I had a massage today, god she was good, nice and sensual etc, paid like 40 bucks for 1/2 hour, at the end she had gestured to wank me off for 50, i said YEP, so did the deed, she left to clean her hands, get a towel and i quickly got dressed and left, the two Asian woman went nutz at me as i walked out, moral of the story, always get the money first, not afterwards, not like she can take a wank back off me lol


----------



## dagambd (Mar 2, 2016)

You dirty rotten scoundrel. 


Sent from my iPhone using Tapatalk


----------



## heckler7 (Mar 2, 2016)

where did you find an asian spank parlor in the outback


----------



## SheriV (Mar 2, 2016)

Wth


----------



## charley (Mar 2, 2016)

... so they didn't 'rub' you the wrong way   ???


----------



## SUKS2BU (Mar 2, 2016)

azza3693 said:


> I had a massage today, god she was good, nice and sensual etc, paid like 40 bucks for 1/2 hour, at the end she had gestured to wank me off for 50, i said YEP, so did the deed, she left to clean her hands, get a towel and i quickly got dressed and left, the two Asian woman went nutz at me as i walked out, moral of the story, always get the money first, not afterwards, not like she can take a wank back off me lol



Free bee!!!!!


----------



## Paranoid Fitness (Mar 2, 2016)

It wasn't a massage parlor moron.

*You were at a Chinese restaurant and that "masseuse" was the owner's four year old nephew you fucking pedo tranny pervert. *


----------



## azza1971 (Mar 3, 2016)

Moorooka Brisbane, went down to see the doc, testosterone is low again, platelets also, add to the list of problems, i don?t eat chinese....


----------



## Intense (Mar 3, 2016)

azza3693 said:


> Moorooka Brisbane, went down to see the doc, testosterone is low again, platelets also, add to the list of problems, i don?t eat chinese....
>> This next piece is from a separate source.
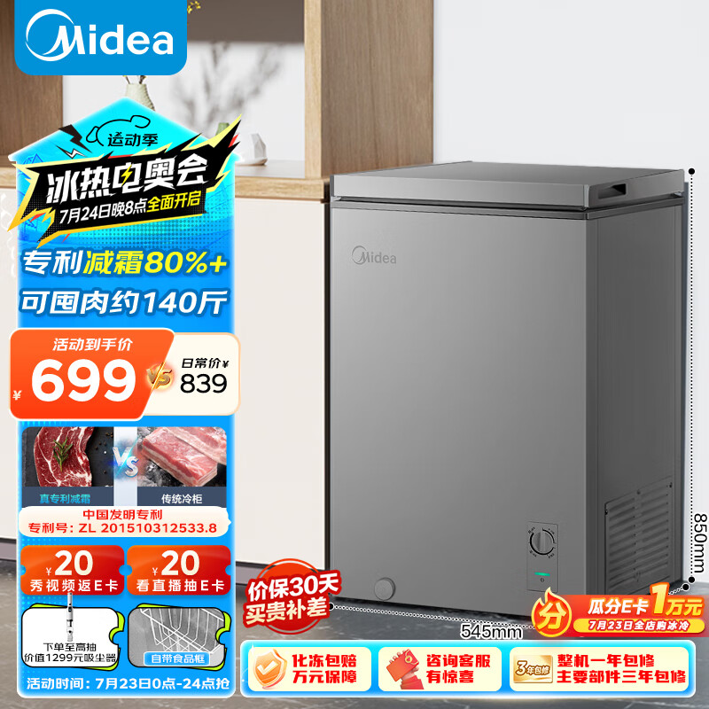 美的(Midea)100升低霜小冰柜家用冷藏冷冻两用一级能效母乳茶叶保鲜柜小型冷柜冰箱BD/BC-100KMF(E) 以旧换新价格:699.00元!

So you're a beta pussy? What else is new. 



Gimmick...


----------



## theCaptn' (Mar 3, 2016)

Big news is coming!


----------



## Intense (Mar 3, 2016)

theCaptn' said:


> Big news is coming!



Doesn't look like it's creating quite the shake over at ASF as you thought.. I figured the forums would be overloaded at this point.


Because BIG news is coming in fact!


----------



## theCaptn' (Mar 4, 2016)

They're not invited. Just letting them know


----------



## azza1971 (Mar 4, 2016)

thread hi jacker


----------



## Watson (Mar 8, 2016)

azza3693 said:


> I had a massage today, god *he* was good, nice and sensual etc, paid like 40 bucks for 1/2 hour, at the end *he* had gestured to wank me off for 50, i said YEP, so did the deed, *he* left to clean *his ball sack*, get a towel and i quickly got dressed and left, the two Asian guys went nutz at me as i walked out, moral of the story, always get the money first, not afterwards, not like *he* can take a wank back off me lol



I feel sick

still a gimmick, azza couldn't afford the 40 to begin with....


----------



## azza1971 (Mar 9, 2016)

Griffith said:


> I feel sick
> 
> still a gimmick, azza couldn't afford the 40 to begin with....



think it was your wife that did the hand job, she rushed off to tell the other?s what a big cock i had while i left.....


----------